Open the configuration menu to adjust settings:

```bash
vocode -c
vocode --config
```

Or run using Python module syntax:

```bash
python3 -m fft_channel_vocoder
```

### Input Structure

The vocoder expects files organized in an `input/` directory:

```
input/
    voice1.wav          # Modulator signals
    voice2.wav
    melody1.mid         # MIDI files to synthesize as carrier
    melody2.mid
    synth1.wav          # Pre-generated synth wave files as carrier
    synth2.wav
    synth3.wav
    scale1.txt          # Scale files for pitch correction (one note per line)
    scale2.txt
```

**Scale File Format:**
Each scale file contains one note class per line.
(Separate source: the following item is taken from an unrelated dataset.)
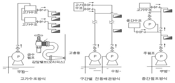 구간을 저층부와 고층부로 구분한 후 고층부용 중간펌프 및 수조를 별도로 설치하여 감압하는 방식이다. 분할 구역방식으로 부분적인 유지관리가 적합하나, 소화장비등의 설치장소가 넓은 공간이 필요하며, 감시 및 제어에 필요한 기기가 커지게 된다.

Supported note classes are: `c`, `c#`, `d`, `d#`, `e`, `f`, `f#`, `g`, `g#`, `a`, `a#`, `b`. Comments (lines starting with `#`) and blank lines are ignored.
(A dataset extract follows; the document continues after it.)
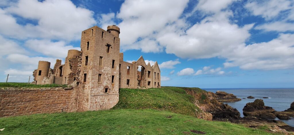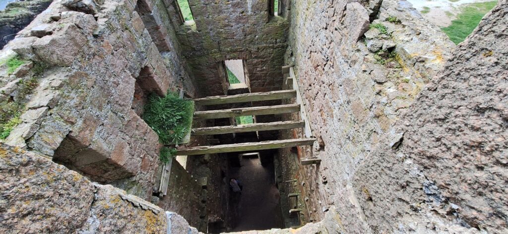 Unser erster Stop war New Slains Castle. Die im 16. Jahrhundert, vom Earl of Erroll, erbaute Burg, ist heute eine beachtliche Ruine, die kostenlos und auf eigene Faust, erkundet werden kann. Es ist sogar möglich, die Spitze des Turms, über die Enge Wendeltreppe zu erklimmen. Nichts für Menschen mit Höhenangst…

Example `scale1.txt` (C Major scale):
```
# Major scale
c
d
e
f
g
a
b
```

### Processing Flow

For each voice file, the vocoder:

1. **MIDI Processing**: Synthesizes each MIDI file into a carrier wave and vocodes with the voice
2. **Synth Wave Processing**: Loads each pre-generated synth wave file and vocodes with the voice
3. **Pitch Correction**: Detects pitch from the voice and snaps to a user-defined scale, synthesizes a carrier wave, and vocodes with the voice
4. **Whisper Generation**: Creates a stereo whisper track by vocoding the voice with white noise

**Pitch Correction Details:**
- Analyzes the voice for dominant frequencies in the range 50-2000 Hz
- Snaps detected pitches to a defined musical scale (octave-independent)
- Uses a noise gate (-40 dB by default) to prevent unwanted tuning during silence or low-amplitude content
- Maintains the last detected note when below the noise gate threshold

### Output Structure

Processed files are saved to `output/`:

```
output/
    voice1_melody1.wav       # Voice + MIDI synthesis
    voice1_melody2.wav
    voice1_synth1.wav        # Voice + Synth wave 1
    voice1_synth2.wav
    voice1_synth3.wav
    voice1_scale1.wav        # Voice + Pitch-corrected carrier (scale 1)
    voice1_scale2.wav        # Voice + Pitch-corrected carrier (scale 2)
    voice1_whisper.wav       # Stereo whisper track
```

## Configuration

Configuration is stored in `fft_channel_vocoder/config.json`. You can edit it directly or use the configuration menu:

```bash
vocode -c
```

### Configuration Options

- `sample_rate`: Audio sample rate in Hz (default: 96,000)
- `vocoder_fft_size`: FFT window size as a power of 2 (default: 12, which equals 2^12 = 4096 samples)
- `vocoder_hop`: Hop size divisor for vocoder FFTs (default: 4, calculates as fft_size / 4)
- `pitch_correct_fft_size`: FFT size for pitch correction as a power of 2 (default: 11, which equals 2^11 = 2048 samples)
- `pitch_correcter_hop`: Hop size divisor for pitch correction FFTs (default: 4)

## Algorithm

The vocoder works in 4 steps:

1. **STFT Analysis**: Compute Short-Time Fourier Transform for both voice and carrier
2. **Spectral Smoothing**: Apply Gaussian blur to extract formant envelopes
3. **Envelope Transfer**: Apply spectral whitening to the carrier, then scale by voice envelope
4. **Reconstruction**: Inverse STFT with original carrier phase to recover time-domain signal

## Module Reference

- `main.py`: Core pipeline and file iteration
- `fft.py`: FFT vocoding algorithm
- `clean_io.py`: Audio file I/O with resampling
- `clean_audio.py`: Audio preprocessing and validation
- `config.py`: Global configuration parameters
- `midi_synth.py`: MIDI to audio synthesis
- `pitch_corrector.py`: Pitch detection and scale-based note snapping
- `scale_synth.py`: Pitch-corrected carrier synthesis
- `noise_generators.py`: Noise generation utilities
- `buffers.py`: Buffer management utilities

## Disclaimer

This project was developed with AI-assisted development. While some parts of the code were built with AI assistance, the program ideas, architecture, and design philosophy are original.